Jason Sugarman KC

Jason Sugarman QC successfully leads defence team in case on behalf of Managing Director of major multi-national pharmaceutical company against the Information Commissioners Office (“ICO”).

Jason Sugarman QC leading Stephen Ferguson of 2 Bedford Row instructed by Gary Bloxsome, Co-Head of Dispute Resolution and Jennifer Richardson  of Blackfords LLP were instructed to act for the former Managing Director of one of the largest pharmaceutical companies in the world. The case was originally listed at Warwick Crown Court for two months but the prosecution offered no evidence on the second day of the trial.

The case concerned an historic lifestyle report commissioned into an employee over 10 years ago.
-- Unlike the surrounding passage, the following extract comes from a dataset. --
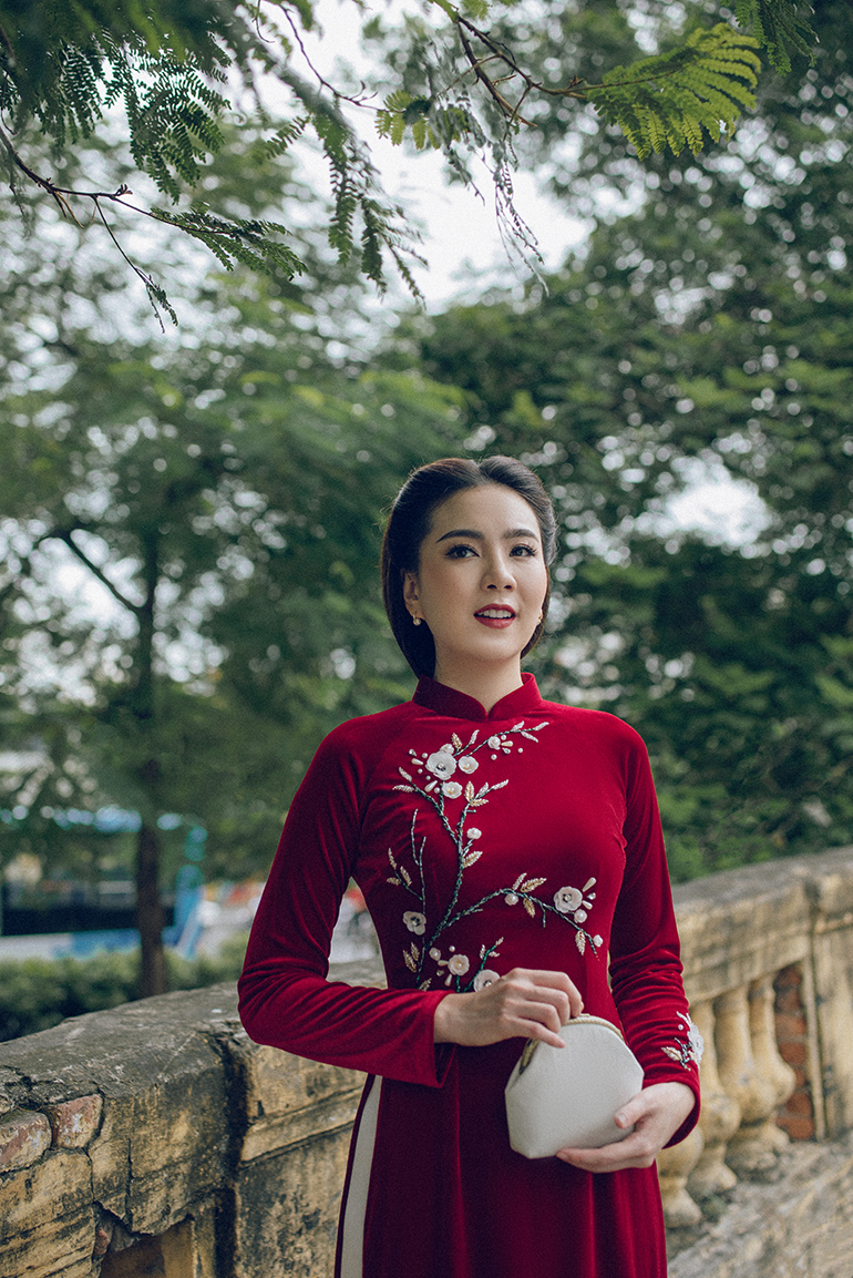 Áo dài nhung đỏ kiều diễm và quý phái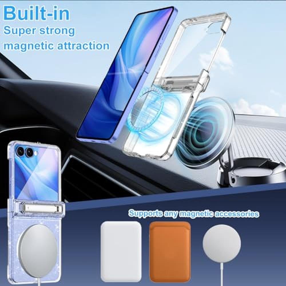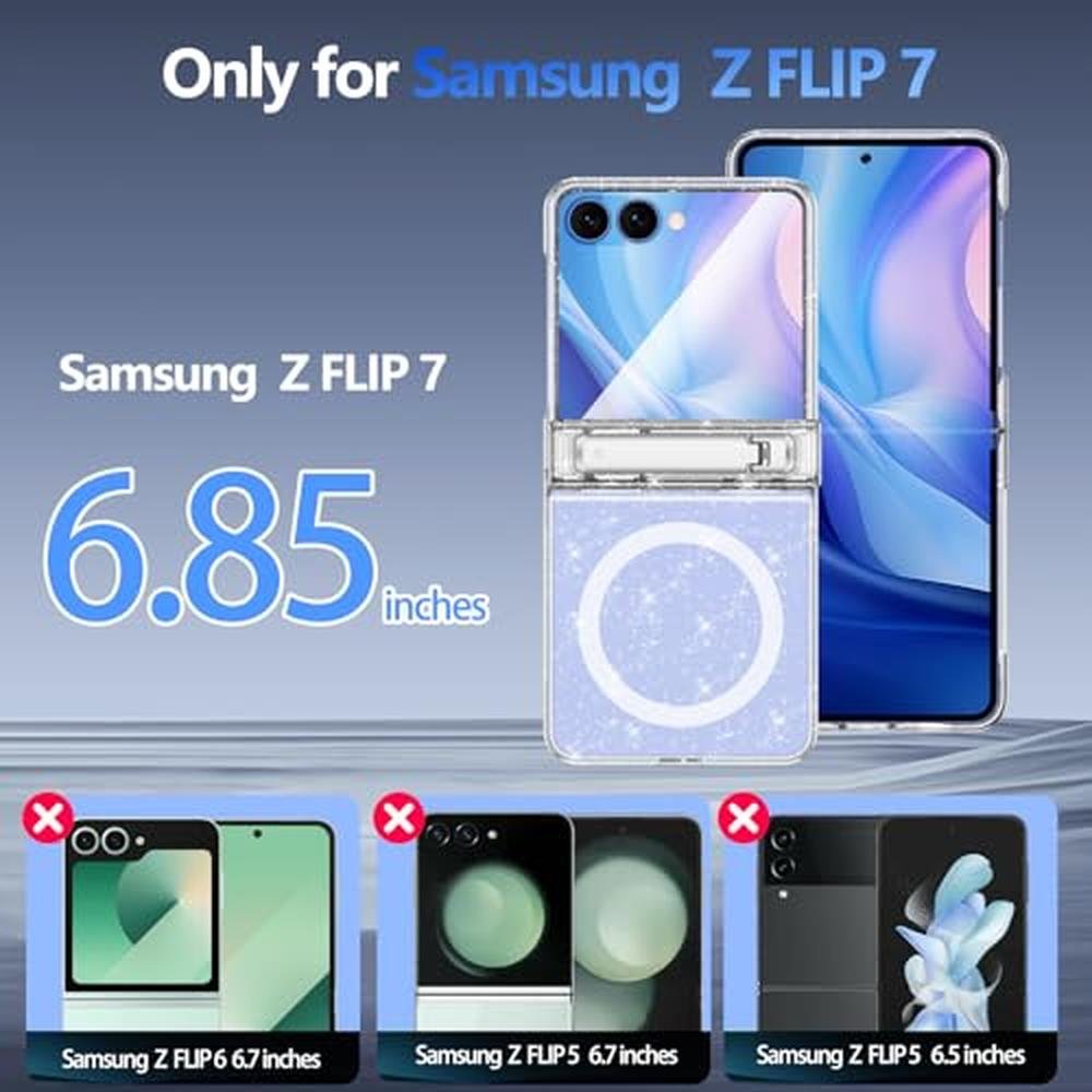 Galaxy Flip 7 Case | Samsung Z Flip 7 Ultra-Slim Clear Cover | MagSafe Compatible with Built-in Screen Protector and Kickstand

The report by an independent private investigator was alleged to have breached s. 55 of the Data Protection Act 1998. Jason Sugarman QC and his team with the assistance of an expert witness Rod Stone OBE managed to re-construct, from previously created civil litigation documentation, a report  that showed that  multi-million pound frauds were being committed  against the company involving off shore companies in Panama and bank accounts in Switzerland and Dubai at the same time that the life style report was commissioned .Thus providing a statutory defence to our client that the obtaining of the data was necessary for the detection or prevention of crime. Despite this overwhelming evidence presented to the ICO they still  pressed ahead with the case.
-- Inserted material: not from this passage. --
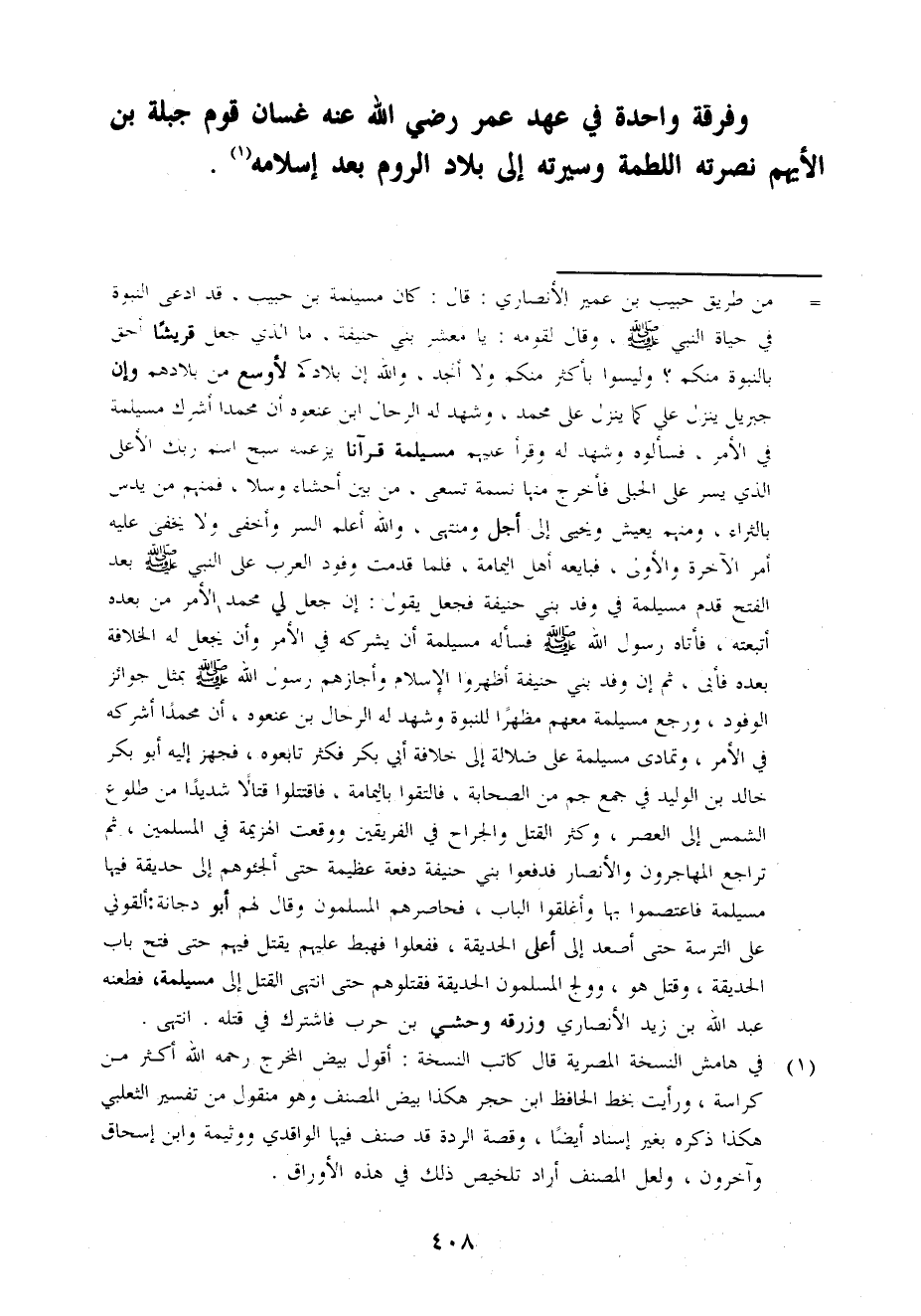 وَفرْقَة وَاحِدَة فِي عهد عمر رَضِيَ اللَّهُ عَنْه غَسَّان قوم جبلة بن الْأَيْهَم نصرته اللَّطْمَة وَسيرَته إِلَى بِلَاد الرّوم بعد إِسْلَامه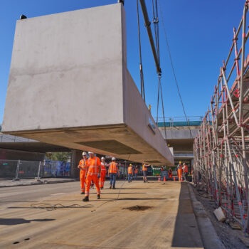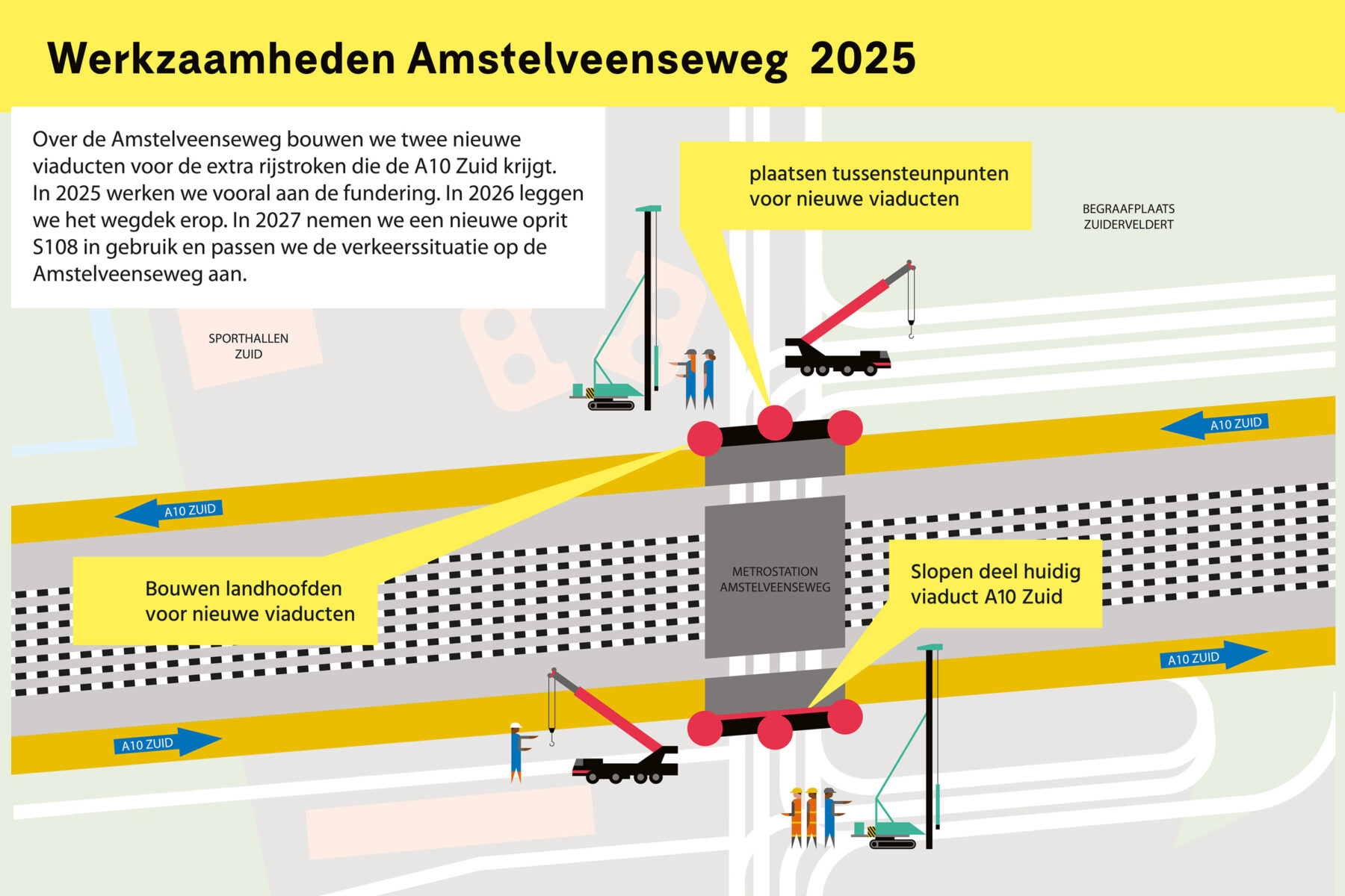 Dit was de eerste zomer van intensief werk op de Amstelveenseweg. Tijdens een zomerafsluiting in 2026 bouwen we aan de noord- en zuidzijde van het viaduct een dak dat boven op de steunpunten en landhoofden komt te rusten. Dat dak bestaat uit betonnen liggers (balken) van elk zo’n 37 meter lengte. In 2027 pakken we het kruispunt onder het viaduct aan. We scheiden dan het verkeer tussen Amstelveen en Amsterdam van het verkeer naar A10 Zuid. En we sluiten de nieuwe oprit S108 aan, die dan voor het kantoor Tripolis-Park langs loopt, richting A4 Schiphol/Den Haag. De nieuwe inrichting van het kruispunt is in 2028 gereed.

There was disagreement between the prosecution and the defence as to the true construction of section 55 (a) and (d) in the Act: namely, whether the obtaining of said data was necessary for the detection or prevention of crime, or in the public interest. The defence teams (the company and individual) mounted a legal argument that the construction of a statutory ‘defence’ in section 55 of the Act must be an objective, not subjective, test, with retrospective knowledge being allowed.

The judge held that the test was indeed objective.

The Judges finding in favour of the defence submissions led to the ICO offering no evidence on the second day of trial.

Further exceptionally other defendants in the case who had been advised to plead guilty by their own defence  teams were to be contacted by the ICO to change their Guilty pleas back to Not Guilty pleas whereupon no evidence would be offered against those defendants.